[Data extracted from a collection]
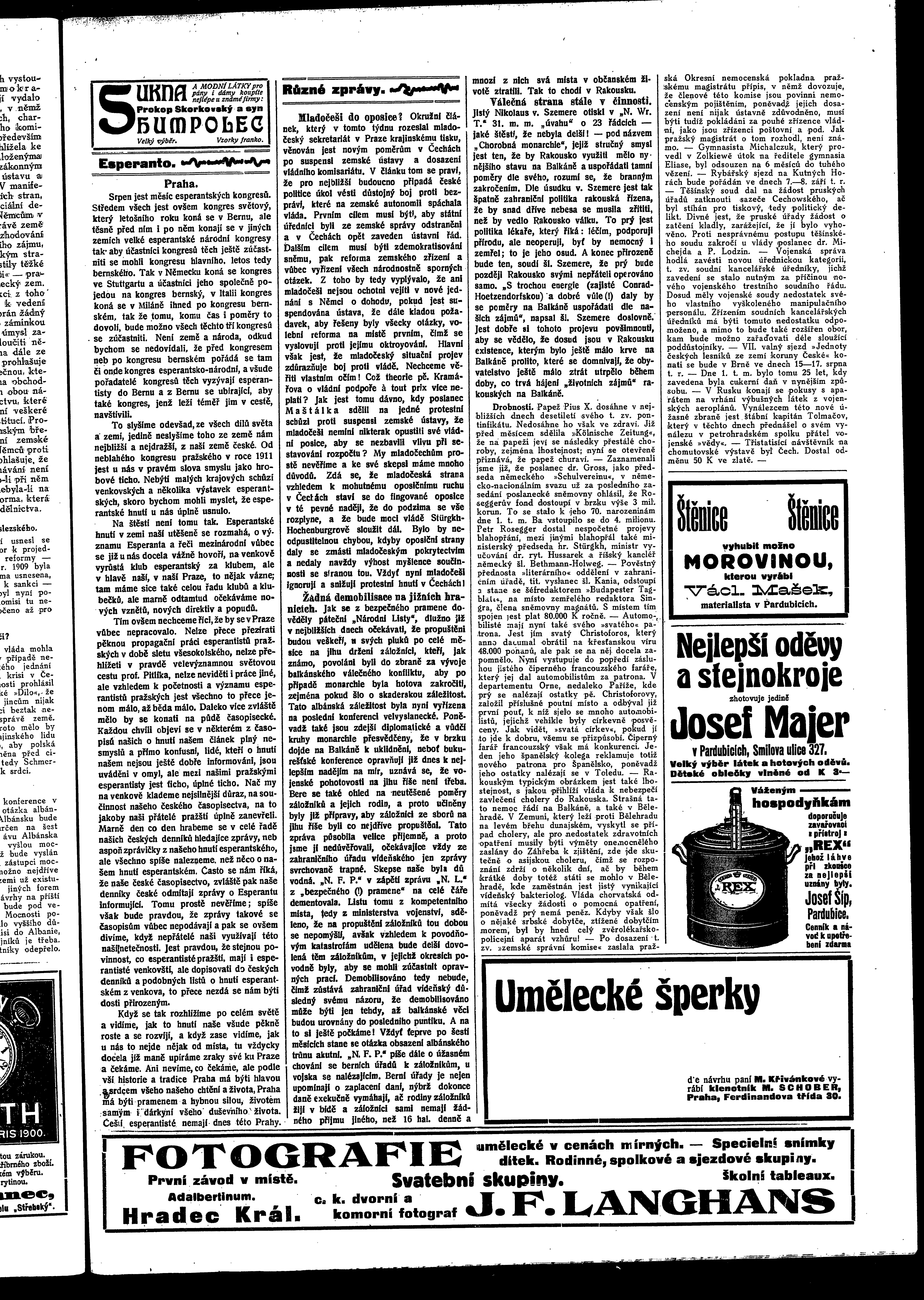 * Datum vydání výtisku: 2.8.1913 Číslo výtisku: 90 Poznámky k výtisku: ranní vydání
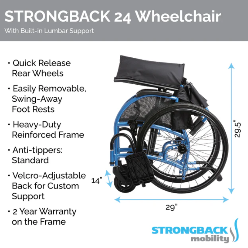 STRONGBACK Comfort : 24″ Rear Wheels, Medium – 18″ seat
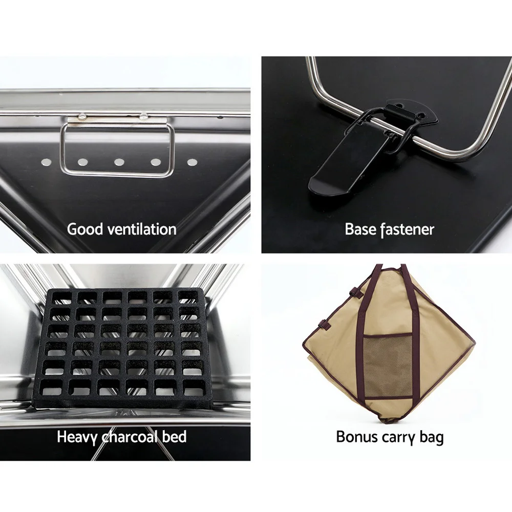 Grillz Portable Fire Pit BBQ Grill, Stainless Steel, 34x41x32.5cm, Includes Carry Bag, Perfect for Camping & Patios
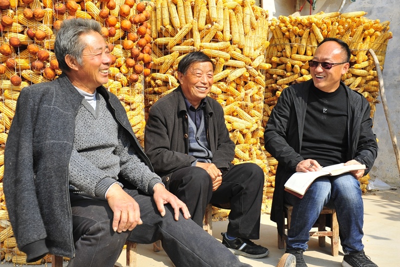 省优秀下派干部、淮北矿业集团扶贫干部杨占勇(右一)与村民共话丰收喜悦(乔时庆 摄)
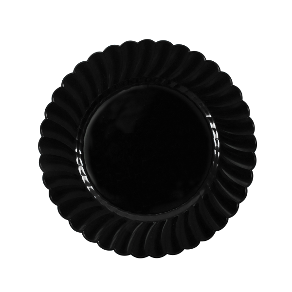[240 ct] 7" Black Scalloped Plastic Plates | PS
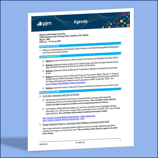 PJM’s Markets and Reliability Committee will be asked to endorse revisions to the RTO's tariff, Reliability Assurance Agreement and Operating Agreement.
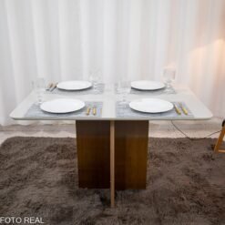 3{%%}Descrição{%%}Mesa de Jantar Moscou 120×80 Vidro Off/Base Cinamomo – Minas Plac
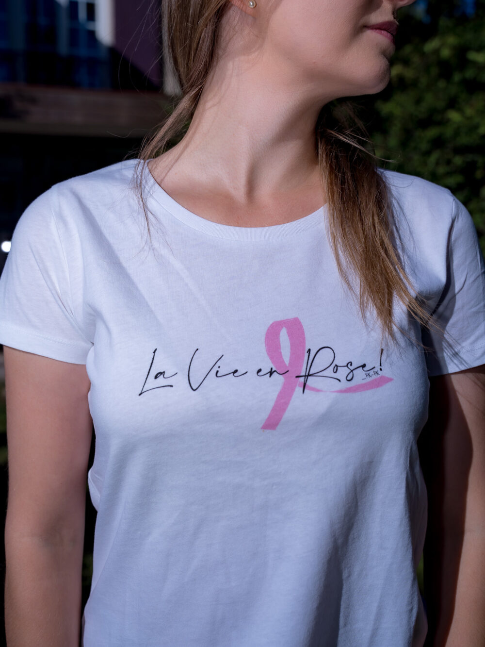 Cette collection capsule a été pensée comme un hommage vibrant à toutes les femmes touchées de près ou de loin par le cancer du sein. En partenariat avec la Ligue contre le cancer Comité du Var, chaque t-shirt devient un geste solidaire: 5 € sont reversés à la Ligue pour chaque achat.
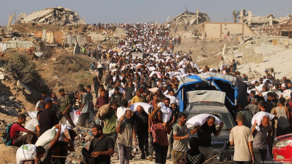Una multitud de palestinos cargan a pie con alimentos y otros bienes de ayuda humanitaria en Beit Lahia, en el norte de la Franja de Gaza.
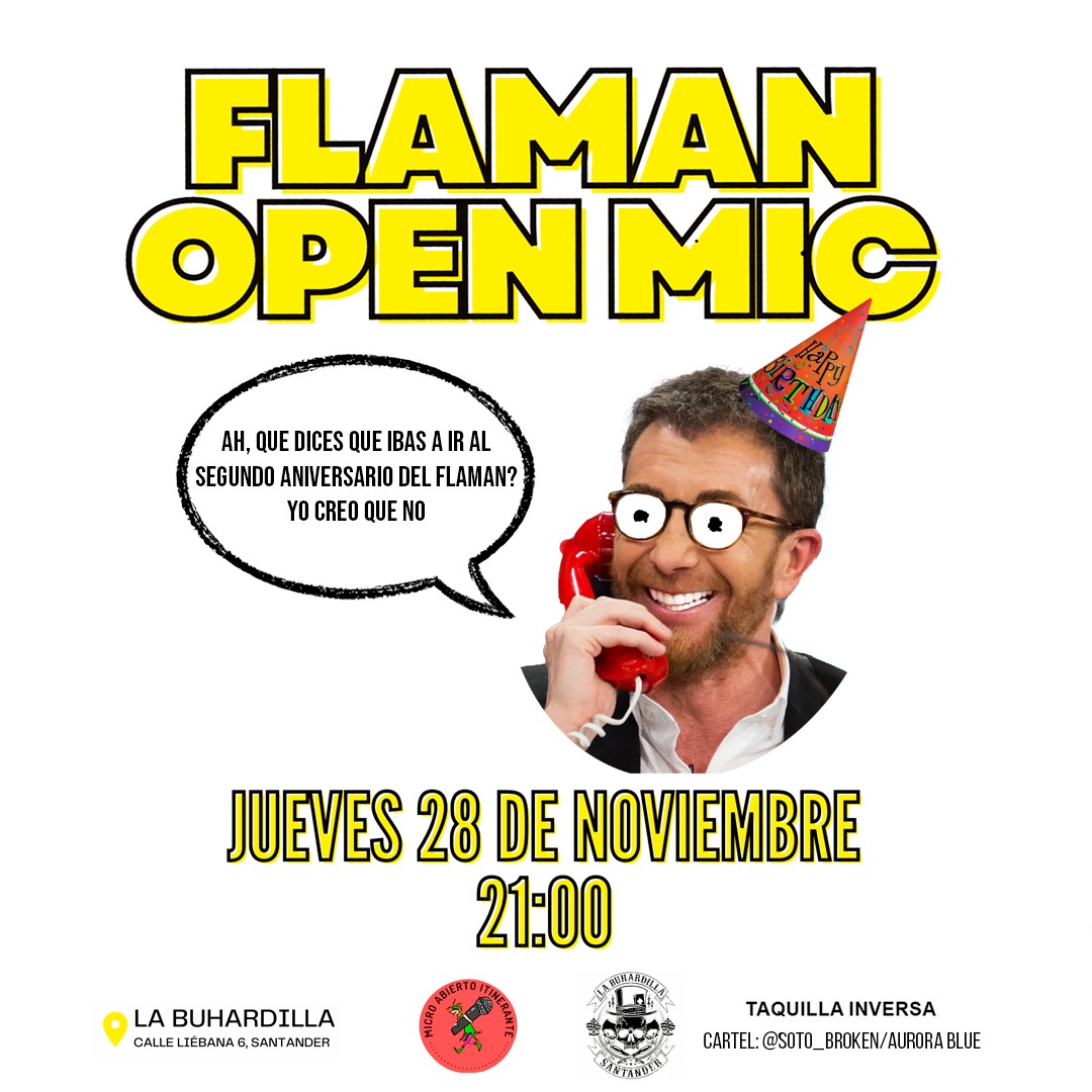 Durante dos años, Flamán Open Mic ha sido un semillero de comediantes y un refugio para los amantes del buen humor. Este aniversario no será la excepción: contará con un cartel estelar de comediantes que ofrecerán lo mejor de sus rutinas, junto con invitados especiales y momentos únicos que no querrás perderte.

◆ Task statement
If a picture sits between the line containing "Grillz Portable Fire" and the line containing "Cinamomo – Minas Plac", leave it out, and return the lines of that range above exactly, both ends included.

◆ Solution below
 Grillz Portable Fire Pit BBQ Grill, Stainless Steel, 34x41x32.5cm, Includes Carry Bag, Perfect for Camping & Patios
 省优秀下派干部、淮北矿业集团扶贫干部杨占勇(右一)与村民共话丰收喜悦(乔时庆 摄)
[240 ct] 7" Black Scalloped Plastic Plates | PS
 PJM’s Markets and Reliability Committee will be asked to endorse revisions to the RTO's tariff, Reliability Assurance Agreement and Operating Agreement.
 3{%%}Descrição{%%}Mesa de Jantar Moscou 120×80 Vidro Off/Base Cinamomo – Minas Plac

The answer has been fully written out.